Levels of uric acid, xanthine, hypoxanthine, ascorbic acid (AA), dehydroascorbic acid (DHAA), glutathione (GSH), noradrenaline (NA), dopamine (DA), dihydroxyphenylacetic acid (DOPAC), homovanillic acid (HVA), 1-methyl-4-phenyl-1,2,3,6-tetrahydropyridine (MPTP) and 1-methyl-4-phenylpyridinium ion (MPP+) were determined in the striatum and/or in the brainstem of 3-month-old male Wistar rats, given Zyloprim ( Allopurinol ) (500 mg/kg day by gavage) for 3 days before a single MPTP 52 mg/kg dose i.p. Zyloprim ( Allopurinol ) alone decreased uric acid and hypoxanthine levels in the striatum and in the brainstem; moreover, Zyloprim ( Allopurinol ) increased AA oxidation and decreased striatal DA metabolites. Zyloprim ( Allopurinol ) affected neither regional MPTP and MPP+ levels nor the MPTP-induced inhibition of striatal DA oxidative metabolism. On the contrary, the MPTP-induced increase in uric acid levels and decrease in xanthine, hypoxanthine and NA levels were fully antagonised. Such findings demonstrate that the claimed MPP(+)-induced oxidative stress mediated by xanthine oxidase may be involved at least in the NA depletion; moreover, uric acid may have a physiological role as an active component of the neuronal antioxidant pool.

Intravenous Zyloprim ( Allopurinol ) decreases myocardial oxygen consumption and increases mechanical efficiency in dogs with pacing-induced heart failure.

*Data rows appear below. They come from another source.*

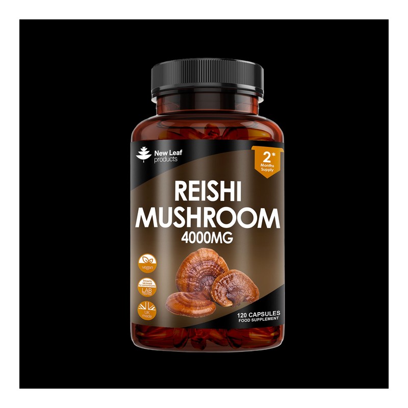 HIGH-QUALITY REISHI MUSHROOM CAPSULES - New Leaf's Reishi Mushroom Capsules are crafted using 4000mg of Reishi Mushroom Extract per serving, offering a rich source of polysaccharides, Beta-Glucans, and Triterpenes. Reishi, also known as Ganoderma lucidum, is a type of mushroom that has been used for centuries in traditional Eastern practices. It naturally grows in humid environments, typically found on decaying hardwood trees in Asia, particularly in China and Japan.
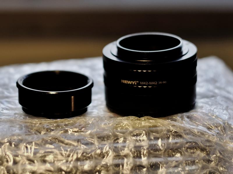 Die 52mm Distanzringe sind übrigen Filterringe ohne Glas, auch die billigen China Zwischenringe für mft haben 52mm Durchmesser mit passendem Gewinde.
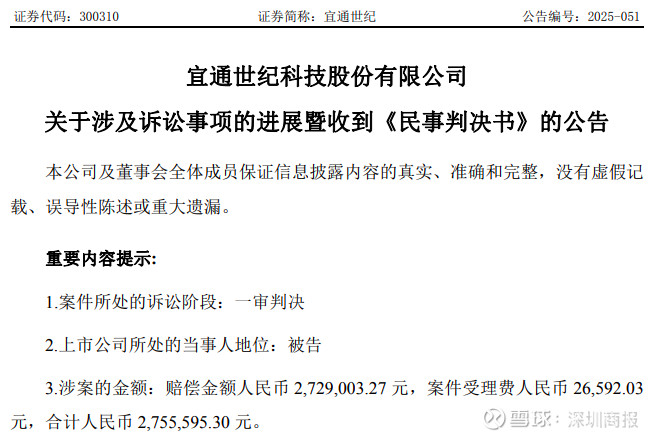 12月30日晚间,宜通世纪(300310)公告称,公司当日收到广东省广州市中级人民法院关于证券虚假陈述责任纠纷案的《民事判决书》。法院一审判决公司向原告陈*华、阮*良等109名投资者赔偿投资损失人民币2,729,003.27元,并承担案件受理费人民币26,592.03元,合计人民币2,755,595.30元。

Zyloprim ( Allopurinol ), an inhibitor of xanthine oxidase, increases myofilament calcium responsiveness and blunts calcium cycling in isolated cardiac muscle. We sought to extend these observations to conscious dogs with and without pacing-induced heart failure and tested the prediction that Zyloprim ( Allopurinol ) would have a positive inotropic effect without increasing energy expenditure, thereby increasing mechanical efficiency. In control dogs (n=10), Zyloprim ( Allopurinol ) (200 mg IV) caused a small positive inotropic effect; (dP/dt)(max) increased from 3103+/-162 to 3373+/-225 mm Hg/s (+8.3+/-3.2%; P=0.01), but preload-recruitable stroke work and ventricular elastance did not change. In heart failure (n=5), this effect was larger; (dP/dt)(max) rose from 1602+/-190 to 1988+/-251 mm Hg/s (+24.4+/-8.7%; P=0.03), preload-recruitable stroke work increased from 55.8+/-9.1 to 84. 9+/-12.2 mm Hg (+28.1+/-5.3%; P=0.02), and ventricular elastance rose from 6.0+/-1.6 to 10.5+/-2.2 mm Hg/mm (P=0.03). Zyloprim ( Allopurinol ) did not affect myocardial lusitropic properties either in control or heart failure dogs. In heart failure dogs, but not controls, Zyloprim ( Allopurinol ) decreased myocardial oxygen consumption (-49+/-4.6%; P=0. 002) and substantially increased mechanical efficiency (stroke work/myocardial oxygen consumption; +122+/-42%; P=0.04). Moreover, xanthine oxidase activity was approximately 4-fold increased in failing versus control dog hearts (387+/-125 versus 78+/-72 pmol/min. mg(-1); P=0.04) but was not detectable in plasma. These data indicate that Zyloprim ( Allopurinol ) possesses unique inotropic properties, increasing myocardial contractility while simultaneously reducing cardiac energy requirements. The resultant boost in myocardial contractile efficiency may prove beneficial in the treatment of congestive heart failure.